The notorious serial killer operated from the 1960s to 1980s.

by Gretchen Smail
Updated: 
Originally Published: 
'Crime Scene' subject Richard Cottingham is serving a 200 year sentence.
Netflix

After exploring the mysterious 2013 death of Elisa Lam, Netflix’s Crime Scene is turning its lens on a newly dark and haunting story for its second installment, Crime Scene: The Times Square Killer. Premiering on Dec. 29, the three-part season explores the case of Richard Cottingham, a New Jersey man who was dubbed “The Torso Killer” and found guilty of killing 11 women between 1967 and 1980.

As reported by The New York Times, Cottingham was born in 1946 and mostly grew up in New Jersey. He got married in 1970 and commuted into Manhattan to work as a computer operator while his family lived in Lodi. He later rented an apartment in Midtown and told his wife that he was working nights, but in reality, he was lurking around Times Square and stalking sex workers.

Cottingham’s first victims were found on Dec. 2, 1979 when fire alarms went off at the Travel Inn Motor Hotel in New York City. A hotel worker had discovered the scorched remains of two women whose heads and hands had been cut off in Room 417. This grisly scene led to Cottingham’s nickname of “The Torso Killer,” and later the “Times Square Torso Ripper.” But he wasn’t a suspect at the time; he had checked in under the fake name of Carl Wilson and left no evidence pointing back to him.

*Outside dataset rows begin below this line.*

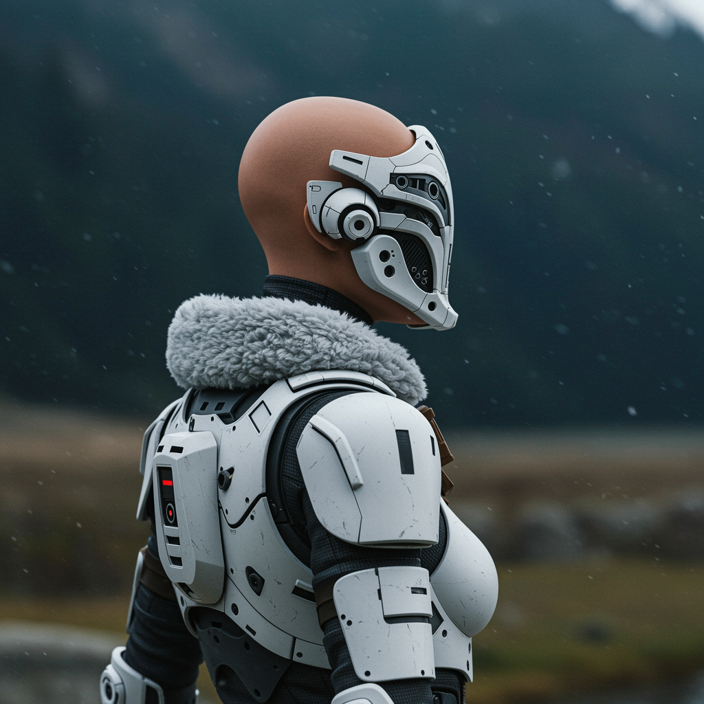 white sci-fi female armor with intricate cybernetic helmet, insulated full-body suit resembling a spacesuit, showcasing a sleek bald design, featuring an abundance of fine detail in a cinematic sci-fi style. Captured outdoors with natural light, it exudes photorealism and a cinematic quality. Utilizes ray tracing for the highest quality and detail, shot in third-person view, incorporating a blur effect and long exposure. Presented in 8K Ultra-HD with moody, cinematic lighting for an atmospheric feel. Aspect ratio of 9:16 to emphasize vertical composition, offering a striking, immersive image.
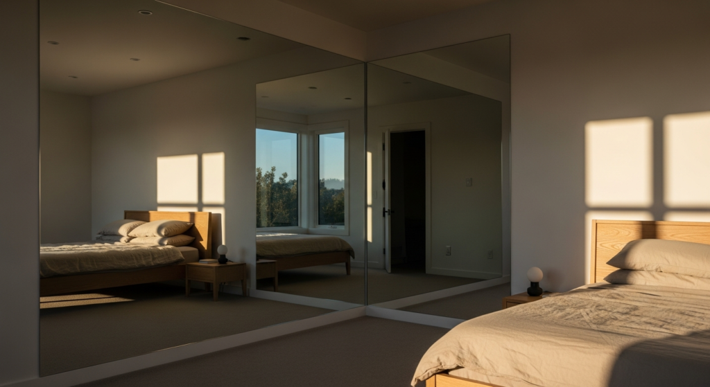 Q2: How do mirrors in bedroom corners make a room look larger? Mirrors in bedroom corners expand the perceived size of the room in two distinct ways — through light reflection and through spatial illusion. A mirror reflects natural and artificial light back into the room, creating a brighter, more expansive atmosphere than the same corner without mirror. Simultaneously, the mirror’s reflective depth creates the visual impression of an adjacent space beyond the corner wall, making the room appear to extend further than its actual physical boundaries. The larger the mirror and the more complete its reflective coverage of the corner, the more dramatic both effects become.
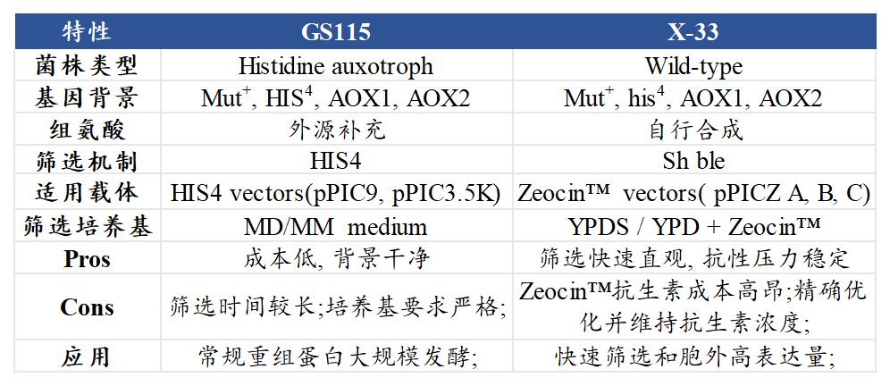 所有的毕赤酵母,最初都是来源于Northern Regional Research Laboratories, (NRRL; Peoria, IL)的Y-11430野生种系。而X-33是Invitrogen的野生品系,HIS4 基因编码一种多功能酶(磷酸核糖-AMP环化水解酶、磷酸核糖-咪唑甘油磷酸脱水酶、组氨醇脱氢酶),催化组氨酸生物合成途径中的三个关键步骤。经过HIS4突变后,菌株没有了功能性的 HIS4 基因,酵母就无法自行合成组氨酸。即组氨酸影响缺陷型菌株品系,形成了GS115品系[8,9]。

Months later, on May 4, 1980, another sex worker was found dead in a Quality Inn motel in New Jersey. This murder was linked to the 1977 death of Maryann Carr, who was found in the parking lot of the same hotel. Within the same month, a fifth woman was found in the Seville Motel in New York City. But it wasn’t until May 22, 1980 that Cottingham was apprehended: a maid heard one of his victims screaming in a hotel rooms and authorities caught him as he tried to flee.

Cottingham’s trials began in June 1981, and by August 1984, he had been found guilty of five murders. He was convicted and sentenced to over 200 years in prison.

Over the years, he continued to make confessions, thanks largely to the work of New Jersey detective (and later sergeant) Robert Anzilotti, who built a rapport with Cottingham over the course of nearly two decades. Anzilotti would have Cottingham driven from the prison to his office, where he’d eat pizza and play cards with him in the hopes of getting Cottingham to confess to his crimes. In 2010, Cottingham finally revealed he’d murdered a sixth woman: Nancy Vogel, who was found dead in her car on Oct. 28, 1967, long before his Times Square killing spree. Cottingham’s next confession came in 2014, when he admitted to strangling and killing three teenagers in the late 1960s. And in April 2021, at the age 74, he finally admitted to killing Mary Ann Pryor and Lorraine Marie Kelly, closing out a cold case from 1974.

The reason that Cottingham was able to hide his crimes for so long is what drew Crime Scene director Joe Berlinger to the story. “Ted Bundy was well known because he preyed upon white collegiate young women, so that made him a well-known figure because that was disturbing to society,” Berlinger told Oxygen.com. “They had multiple massive nationwide manhunts for Bundy and mobilization of police forces. [But] when sex workers are preyed upon, unfortunately, they just look the other way.”

Today, Cottingham is serving numerous life sentences at the New Jersey State Prison in Trenton, New Jersey. His imprisonment is the result of literally decades of work, and Anzilotti told the Associated Press that he believes there are still “dozens” of outstanding cases in the tri-state area that could be traced back to Cottingham.